PONTIAC, Michigan — Ford has changes in store for the Mustang Shelby GT350 designed to upgrade its uber-pony/sports car with handling improvements for the 2019 model year. The mid-cycle upgrade features new suspension calibrations, a new wheel design, new tires, and improved aerodynamics, according to Mustang engineering chief Carl Widmann.
The new tires are Michelin Pilot Sport Cup 2 measuring 295/35 front and 305/35 rear. These complementing new springs, anti-roll bars, and MagneRide suspension tuning, Widmann says, “for faster lap times.” The rear wing comes with an optional Gurney flap and the “blanking” in the grille—the blocked-out openings—has been optimized for better aero with sufficient cooling.
The “base” 2019 GT350 comes with the Mustang Track Package suspension setup, while the R package will continue to be optional when the ’19 model goes on sale early next year. The front suspension of the 2019 GT350 is firmer and the rear is softer—each by about 10 percent—Widmann says.
The GT350’s 526-hp flat-plane-crank 5.2-liter V-8 and six-speed Tremec manual gearbox will be unchanged for 2019. Base price of the 2019 Ford Mustang Shelby GT350 is $61,340, including destination and gas-guzzler tax, while the GT350R will cost $69,335.
If that seems steep for Mustang money, you can apply the Performance Pack 2 to the garden-variety GT. Ford gave auto journalists another crack at some track time in a 2018 Ford Mustang GT with Pack 2, which is designed for road racing circuits, and to take on the Chevrolet Camaro 1LE. Automobile Magazine editor-in-chief Mike Floyd first had a chance to sample the V-8 Mustang with the road-racing package at the Monticello Motor Club last month, though rain blunted his track-day fun.

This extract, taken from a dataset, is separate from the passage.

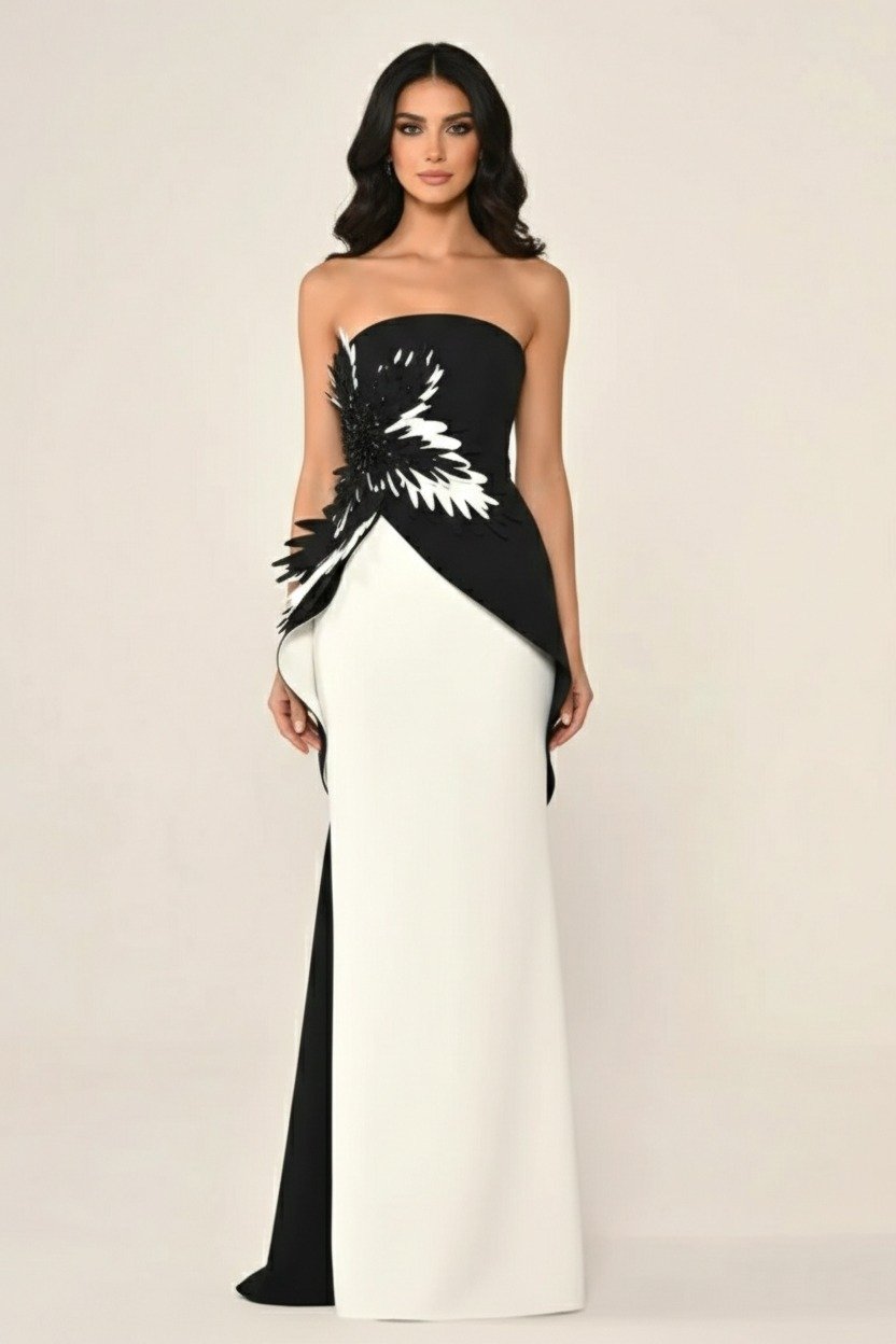 فستان سهرة أنيق بالأسود والأبيض، سترابليس، مع زهرة بارزة على الخصر وقصّة طويلة مستقيمة بتفاصيل جانبية ناعمة.

Sunshine kept the M1 Concours club circuit in Pontiac bone-dry on Monday morning, and though we had just four laps, including in-lap and cool-down in the Mustang GT with PP2, it was enough to determine that the package makes the pony car feel smaller than it is. This reporter’s perspective comes from having driven three other cars on the tight and technical 1.5-mile circuit—a Mazda MX-5 Miata Cup, an Alfa Romeo Giulia Quadrofoglio, and a 1960 Austin-Healey Sprite Mark I “Bugeye.”
Once you get past the Ford Mustang GT’s hood, which seems as long as the entire Bugeye Sprite, the PP2 car feels willing to rotate, though catchable. Your Humble Servant didn’t get it anywhere near being sideways, but this was all communicated through seat-of-the-pants. That a big V-8 powered coupe communicates anything so detailed is a breakthrough of the modern era of Mustang.
Steering is light, quick and communicative, and required no serious mid-turn corrections, even during the in-lap. The car is probably less confidence inspiring closer to the limit than those other cars mentioned above (especially the Sprite, given its very low limits) as speed builds, but it’s impressive, nonetheless. And the brakes are flat-out fabulous, especially coming off the circuit’s longest straight after an upshift to fourth.
If there’s any nit to pick it’s that while the PP2 Mustang GT allows for easy and professional-sounding heel-and-toe downshifts, the 2-3 upshift isn’t as intuitive, and this reporter grabbed for fifth gear on at least one such upshift. A notchier gearbox might work better, in this case. Something for Ford Mustang engineers to work on for the next round of product updates.